To do that, we will add the lines under the steps as follows.
steps:
- name: Clone the repository
uses: actions/checkout@v3
- name: Zip the repository
run: zip -r ${{env.DEPLOY_PACKAGE_NAME}} ./ -x *.git*
5.3 – Configure AWS Credentials
The next step includes configuring AWS credentials. We will use AWS action provided by the GitHub marketplace. We will add IAM user secrets from GitHub as well.
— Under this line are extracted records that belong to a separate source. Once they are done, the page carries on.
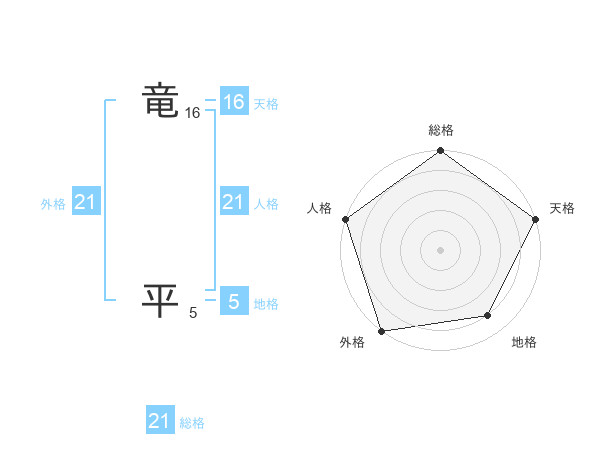 竜 平さんの外格は21画の5点!
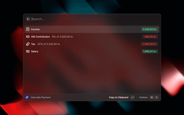 A Raycast extension to quickly calculate your payment after taxes in Denmark.
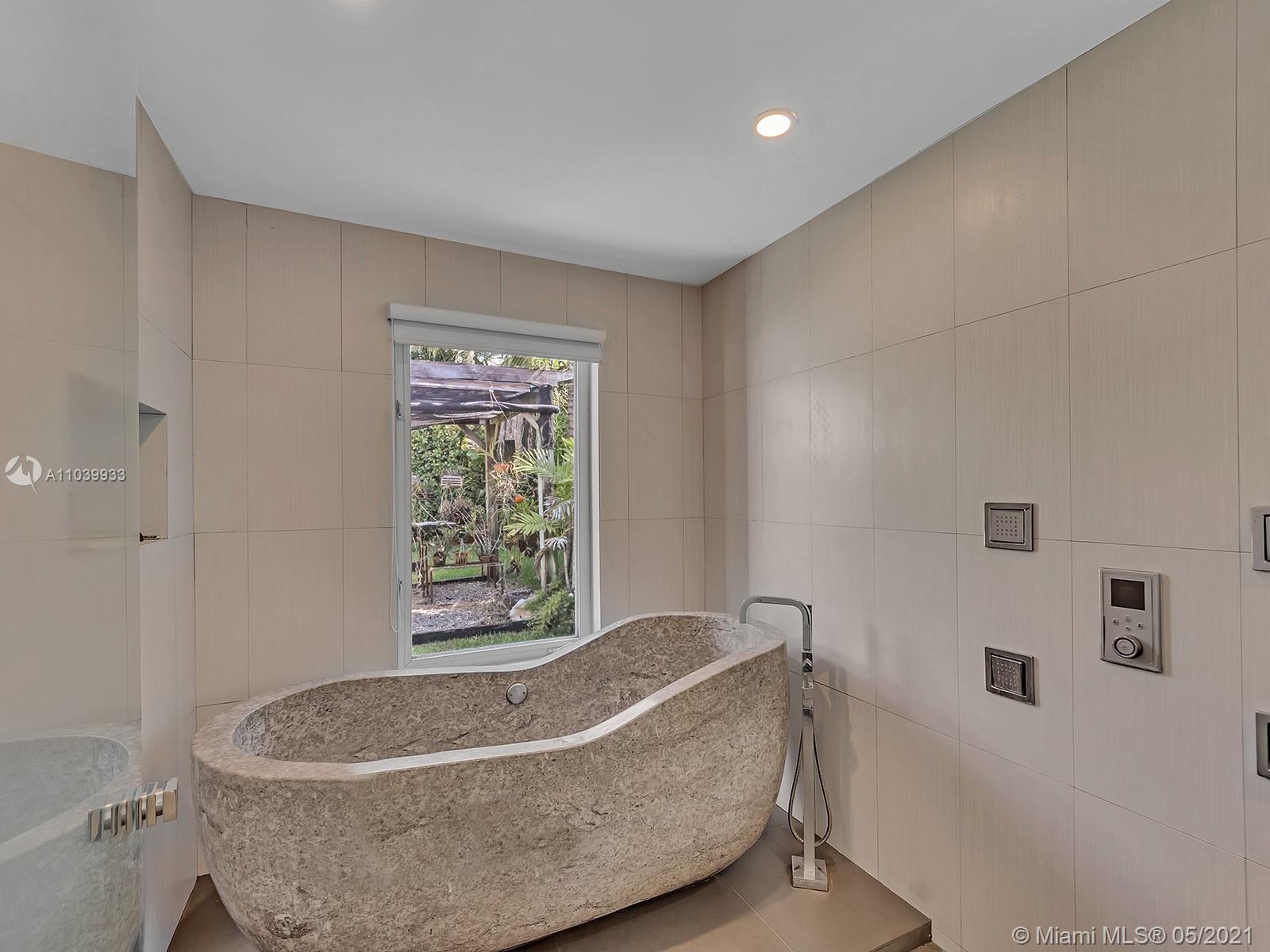 Welcome to a lovely home nested in desirable Coral Gables Riviera Section 2, 2748 Sq.Ft Actual Area. Enjoy this spacious 3 bedroom 3 full bath, completely renovated from the studs in 2010, features open kitchen with Euro kitchen cabinetry (white Italian) ample area for family breakfast/brunches, top-of-the-line stainless steel appliances, living & dining area with lots of natural light, 2X2 quartz flooring throughout, two en-suite bedrooms with walk in closets, master bath with shower and granite carved tub made in Bali, impact windows & doors, built in speakers; Crystal tiled pool, salt system, 9ft deep,15x30. Exterior area surrounded by manicured landscaping ideal for relaxing & entertaining. Well for irrigation, sprinklers, electrical lines, phone & cable buried. 1 car garage, must see!
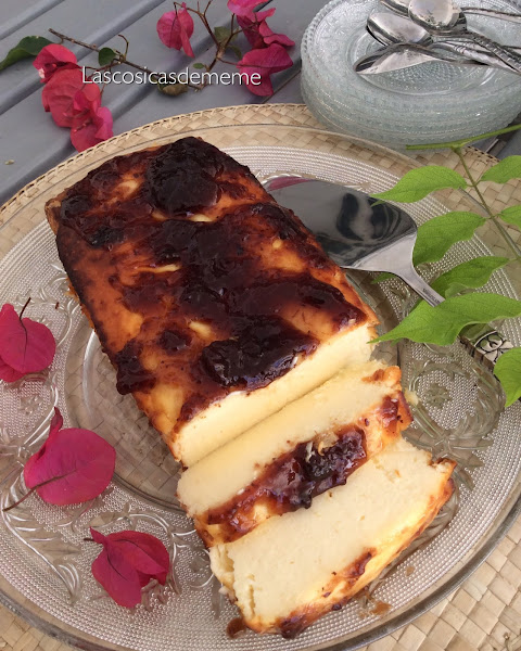 Mermelada de fresa para la cobertura, también podéis hacer un culis, diluyendo la mermelada con una cucharada de agua, calentar un poco y diluir, esperar que enfríe, batirlo y ponerlo sobre el pastel...
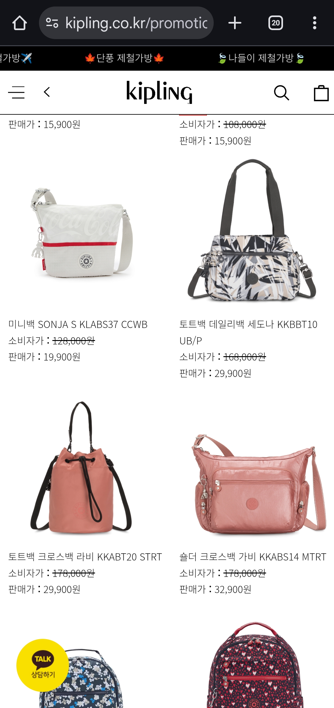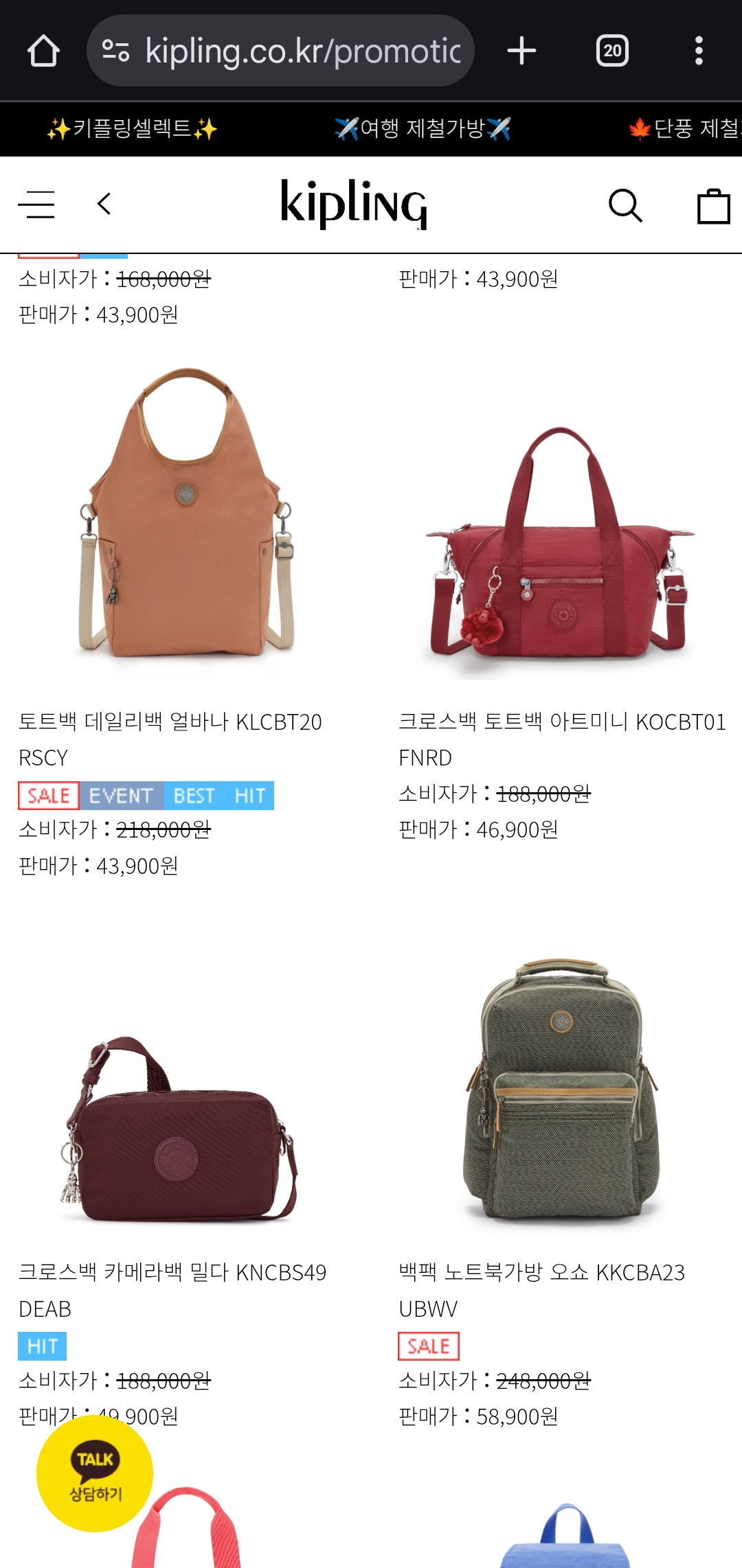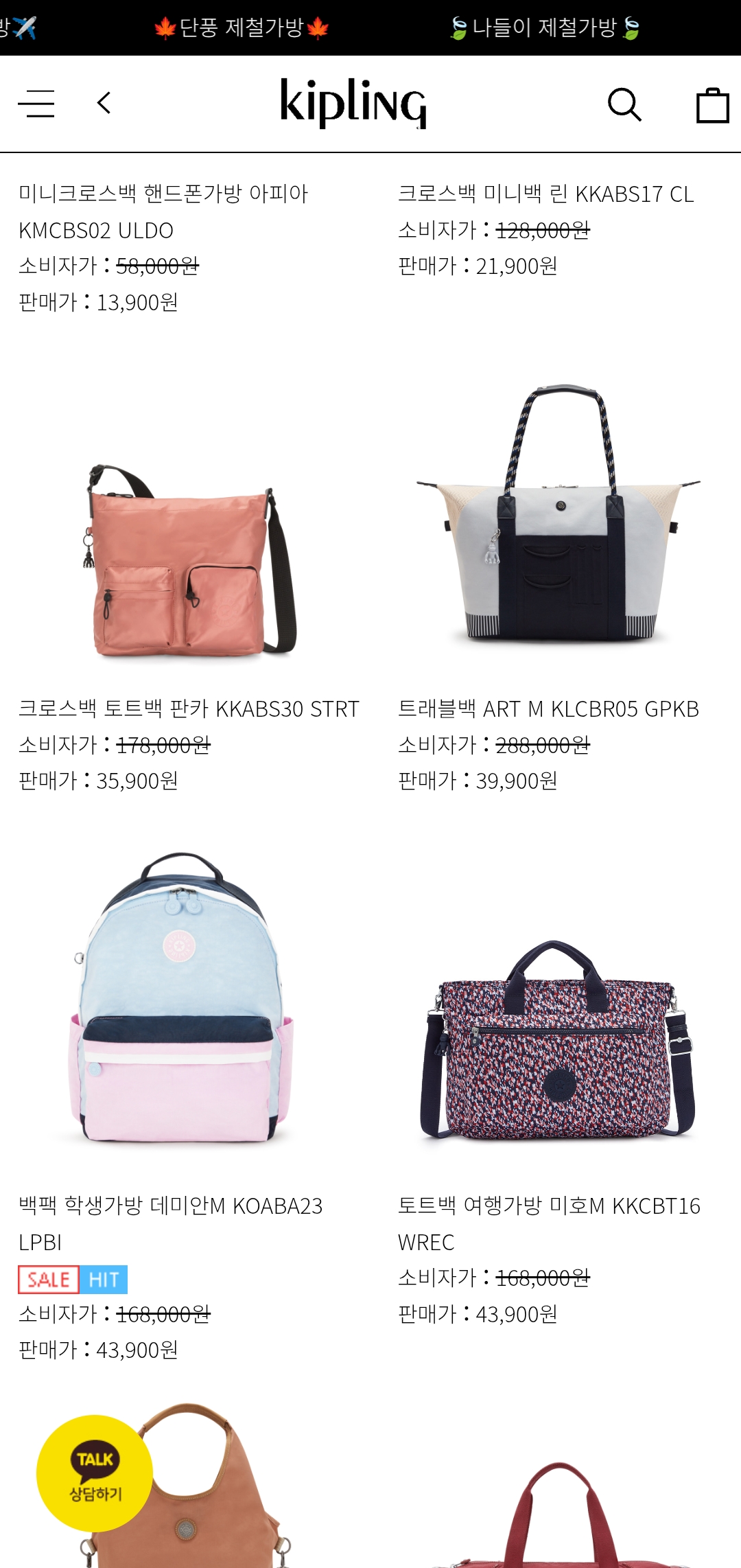 평소 키플링이 비싸서 망설였던 분들도 이번에는 부담 없이 장바구니 담을 수 있는 절호의 기회!

That would be yet another step added after the zip repository step.
- name: Configure AWS Credentials
uses: aws-actions/configure-aws-credentials@v1
with:
node-version: 16
aws-access-key-id: ${{secrets.ACCESS_KEY_ID}}
aws-secret-access-key: ${{secrets.SECRET_ACCESS_KEY}}
aws-region: ${{env.AWS_REGION}}
5.4 – Copy Deployment Package to S3 Bucket
The next step would run a command to upload the deployment package to the S3 bucket.
- name: Upload Deployment to S3 Bucket
run: aws s3 cp ${{env.DEPLOY_PACKAGE_NAME}} s3://${{env.S3_BUCKET_NAME}}/5.5 – Update Elastic Beanstalk Application
The next step would run a command to update the Elastic Beanstalk application to the latest version.
- name: Create new Elastic Beanstalk Application Version
run: |
aws elasticbeanstalk create-application-version \
--application-name ${{env.EBS_APPLICATION_NAME}} \
--source-bundle S3Bucket="${{env.S3_BUCKET_NAME}}",S3Key="${{env.DEPLOY_PACKAGE_NAME}}" \
--version-label "ver-${{ github.sha }}" \
--description "commit-sha-${{ github.sha }}"
The commands here identify the right EBS application and point it to the latest bucket in the S3, which contains the latest repository package.
5.6 – Deploy PHP App to Elastic Beanstalk using GitHub Actions
Finally, we run a step to deploy to Elastic Beanstalk.
- name: Deploy new ElasticBeanstalk Application Version
run: aws elasticbeanstalk update-environment --environment-name ${{env.EBS_ENVIRONMENT_NAME}} --version-label "ver-${{ github.sha }}"5.7 – Print a Message to the Console
The last step would run a command to echo a completion message on the CI/CD console.
- name: Print Success Message on Completion
run: echo "CI/CD pipeline ran successfully"
5.8 – Commit .yml File
The final thing to do is to commit the .yml file. It is usually available in the .github/workflows folder in the repository.
Congratulations! We have successfully completed the setup part of GitHub Actions. Here’s the final main.yml file.
name: fuelingphp-laravel-cd
env:
"S3_BUCKET_NAME": "fuelingphp-laravel-bucket"
"EBS_APPLICATION_NAME": "fuelingphp-laravel-prod"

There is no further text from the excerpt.